When working with High Performance Computing (HPC) systems, it’s crucial to understand how to request resources effectively. HPC systems are designed to handle large-scale computations and multiple users, so resource management is key to ensuring fair usage and optimal performance.
When requesting resources (time, number of cpu, memory, etc.) for your jobs, remember the following:
Be specific: Always specify the exact resources your job needs. This includes the number of CPU cores, amount of memory, and time required for the job to run. Over-requesting resources can lead to longer wait times in the queue, while under-requesting can cause your job to fail if it runs out of resources.
Use the right partition: HPC systems often have different partitions for different types of jobs (e.g., CPU-intensive, GPU-intensive, etc.). Make sure to submit your job to the appropriate partition that matches your job’s requirements.
Don’t over request: While it might be tempting to request more resources than you think you’ll need, this can lead to inefficiencies and longer wait times for your job.

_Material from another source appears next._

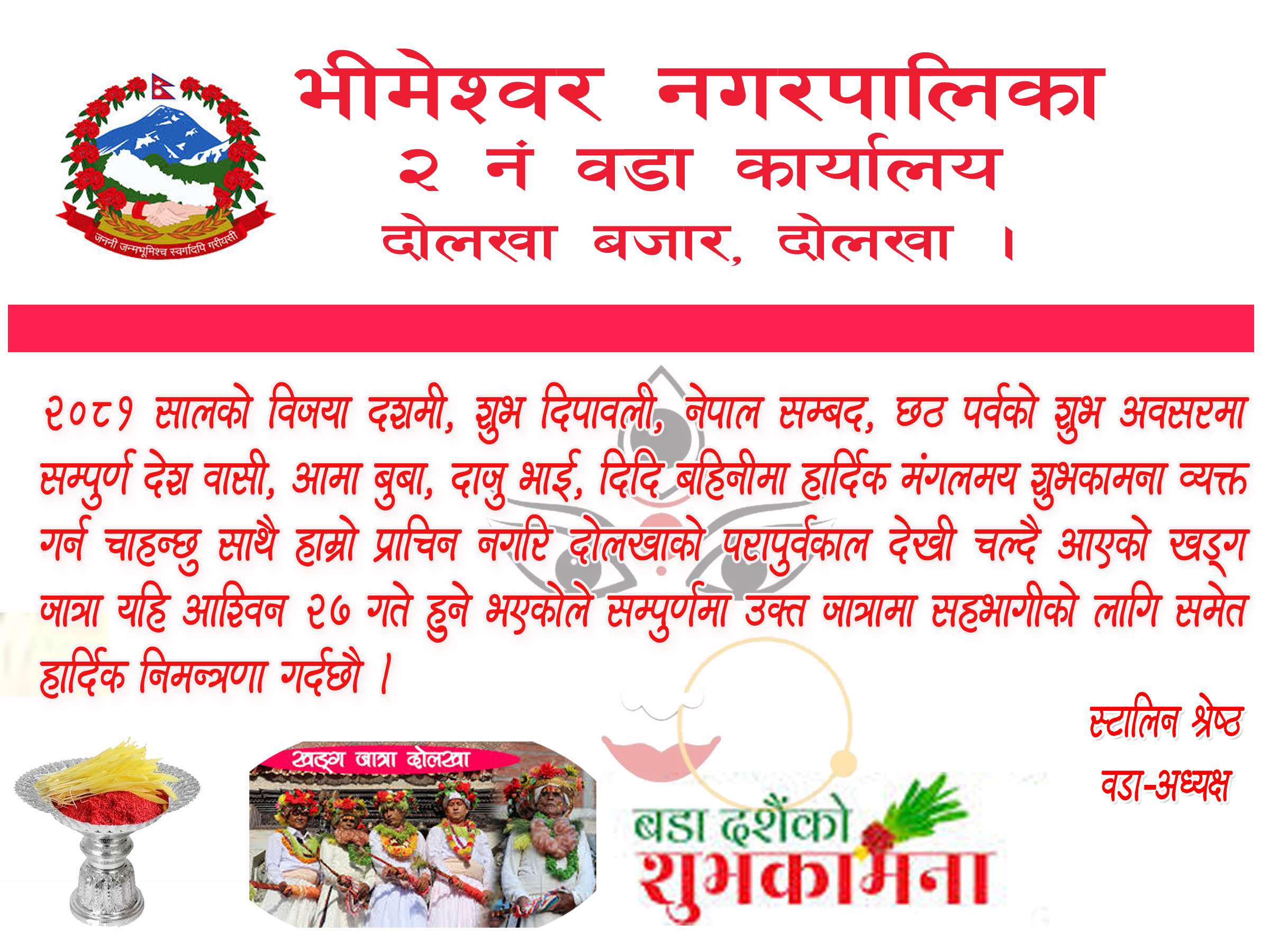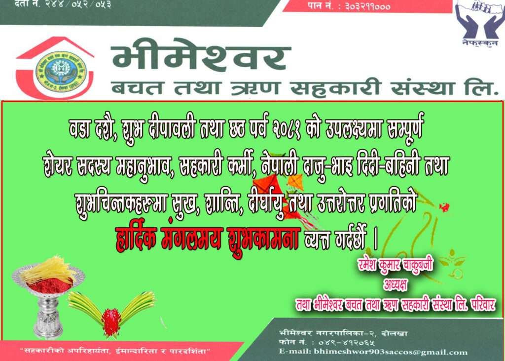 ०६ कार्तिक, दोलखा । घन्टाको इतिहास धेरै पुरानो भए पनि दोलखामा भने ठुला घण्टाहरु बि. सं. १९०० पछी मात्र स्थापना गरिएको देखिन्छ । भीमेश्वर स्थानमा घण्टा प्रतिस्थापन गर्नेका सन्तानहरुले हाल आएर उसबेलाका झिर्ण घण्टाहरुको स्थानमा नयाँ घण्टा राखेर आफ्ना पुर्खाका पुन्य कामलाइ चिरस्थाई गरेका छन् । केहि बर्ष अघि कर्नेल फ़ौदसिंह क्षेत्रीका सन्तानले यो काम गरेका थिए भने हाल चंद्रबिर बसन्यात क्षेत्रीका सन्तानले गरेका छन् । उहाँहरुको कामले अरुहरुलाई पनि अवश्य प्रेरणा दिने छ ।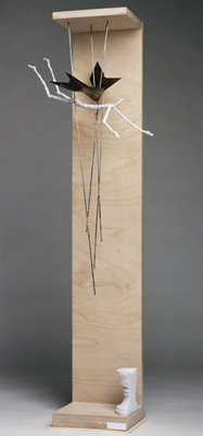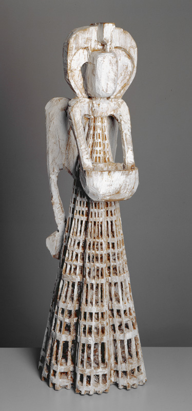 Leus Taufengel ist aus frei geformten Aluminium-Drahtgewebe gefertigt. Luftig leicht schwebt er mit seinen weit ausgebreiteten Flügeln. Alles Körperhafte und Feste einer Skulptur scheint diese Figur hinter sich gelassen zu haben. „Hauptsächlich besteht er eigentlich aus Luft“, beschreibt Leu seine Arbeit. Für ihn sei „Himmelskörper“ viel mehr „eine flüchtige Erscheinung als statische Form“. Durch das Material würde die Wahrnehmung des Engels sehr von den jeweiligen Lichtverhältnissen abhängen und seiner „Erscheinung“ werde so stets etwas Flüchtiges und Unfassbares anhaften.

Try to estimate your resource needs as accurately as possible. The following image demonstrates the impact of over-requesting resources on job wait times in the queue.
Here, the jobs that requested 5 hours of time have been running for over 1 hour, while those that requested 1 day are still waiting, even the some of the 24 hr jobs were in the queue earlier. This is because the job scheduler prioritises jobs that request fewer resources, allowing them to run sooner.
The job scheduler also balances the request between users. Just because you submitted a job later than other users, doesn’t mean your job will run later. If you request fewer resources than other users, your job may run sooner. Use the parallel computing resources efficiently to ensure that your job runs in a timely manner – 100 jobs requesting 10 min each will run much faster and sooner than one job requesting 1000 min (17 hr).